Great Western Society mourns founding member Graham Perry
GRAHAM PERRY, one of the Great Western Society’s founding members, died on February 9, just a few weeks short of his 80th birthday.
Graham, along with schoolfriends Jon Barlow, Angus Davies and Mike Peart launched a fund in 1961 to preserve a ‘14XX’ 0-4-2T for posterity, as one had not been included on the British Transport Commission’s list of locomotives to be preserved. Graham served as the society’s treasurer from its inception in 1962 and, in April 1964, the society purchased No. 1466, which is expected to return to steam for the first time since 2000 at a special event at Didcot Railway Centre on May 10-12.
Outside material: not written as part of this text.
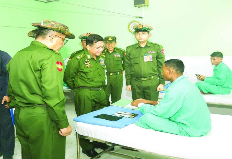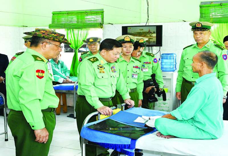 နိုင်ငံတော်စီမံအုပ်ချုပ်ရေးကောင်စီဥက္ကဋ္ဌ တပ်မတော်ကာကွယ်ရေးဦးစီးချုပ် ဗိုလ်ချုပ်မှူးကြီး မင်းအောင်လှိုင်သည် နိုင်ငံတော်စီမံအုပ်ချုပ်ရေးကောင်စီအဖွဲ့ဝင် ညှိနှိုင်းကွပ်ကဲရေးမှူး(ကြည်း၊ ရေ၊ လေ) ဗိုလ်ချုပ်ကြီး မောင်မောင်အေး၊ ကာကွယ်ရေးဦးစီးချုပ်(ရေ) ဒုတိယဗိုလ်ချုပ်ကြီး ထိန်ဝင်း၊ ကာကွယ်ရေးဦးစီးချုပ်(လေ) ဗိုလ်ချုပ်ကြီးထွန်းအောင်၊ ပြည်ထောင်စုအဆင့်ပုဂ္ဂိုလ်များ၊ ကာကွယ်ရေးဦးစီးချုပ်ရုံးမှ အဆင့်မြင့်တပ်မတော်အရာရှိကြီးများနှင့် တာဝန်ရှိသူများလိုက်ပါ၍ ယနေ့နံနက်ပိုင်းတွင် အလယ်ပိုင်းတိုင်းစစ်ဌာနချုပ်နယ်မြေအတွင်း နယ်မြေတည်ငြိမ်အေးချမ်းရေးဆိုင်ရာ ဆောင်ရွက်ထားရှိမှုများကို စစ်ဆေးသည်။

Graham then took over as chairman of the GWS in 1968, by which time the society had started moving its growing collection into the former GWR steam shed at Didcot. Paying tribute, the GWS said: “There were many highlights during those years with Graham in charge: No. 1466 being allowed out of the engine shed in 1968 to run on the Wallingford branch line, despite British Rail’s steam ban; and the first open days at Didcot in 1969. The Vintage Train of the 1970s, plus the construction of the carriage shed. The continuing development of Didcot Railway Centre in the 1980s, with the Transfer Shed and broad gauge. Then, in 1985, the 150th anniversary of the Great Western Railway with Didcot providing the main event.
“The 1990s brought major new-build projects, with
Fire Fly under construction, 6023 King Edward II moving to Didcot for restoration, and the ‘Saint’ rebuild commenced. Graham also drove the project in the 1990s for the organisation to go beyond merely being a railway by gaining Museums Registration (now Museums Accreditation).”
Graham served as GWS chairman until 2001, when he handed over the reins to Richard Croucher. In 2002, Graham was awarded an MBE in the Queen’s Birthday Honours for “services to railway heritage.”